# [The task]
The material below holds a span beginning at the line with "在尺寸方面,两款车都定位于紧" and ending at the line with "step1:進到店哩,先選擇要吃的拉麵,填寫單子。". Quote that span exactly, both ends included, and only that span.

# [Records to use]
▬▬▬▬▬▬

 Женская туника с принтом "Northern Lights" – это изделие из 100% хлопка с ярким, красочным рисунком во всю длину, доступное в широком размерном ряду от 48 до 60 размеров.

▬▬▬▬▬▬

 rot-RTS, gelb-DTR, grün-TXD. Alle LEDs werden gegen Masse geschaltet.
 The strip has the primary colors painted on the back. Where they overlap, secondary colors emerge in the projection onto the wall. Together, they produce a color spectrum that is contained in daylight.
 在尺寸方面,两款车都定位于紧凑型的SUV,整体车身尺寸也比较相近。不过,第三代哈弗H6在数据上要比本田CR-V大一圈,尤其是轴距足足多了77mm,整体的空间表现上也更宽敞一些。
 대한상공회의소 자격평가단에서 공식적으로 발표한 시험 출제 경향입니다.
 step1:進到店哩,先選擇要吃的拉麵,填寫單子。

▬▬▬▬▬▬

# [Written response]
 在尺寸方面,两款车都定位于紧凑型的SUV,整体车身尺寸也比较相近。不过,第三代哈弗H6在数据上要比本田CR-V大一圈,尤其是轴距足足多了77mm,整体的空间表现上也更宽敞一些。
 대한상공회의소 자격평가단에서 공식적으로 발표한 시험 출제 경향입니다.
 step1:進到店哩,先選擇要吃的拉麵,填寫單子。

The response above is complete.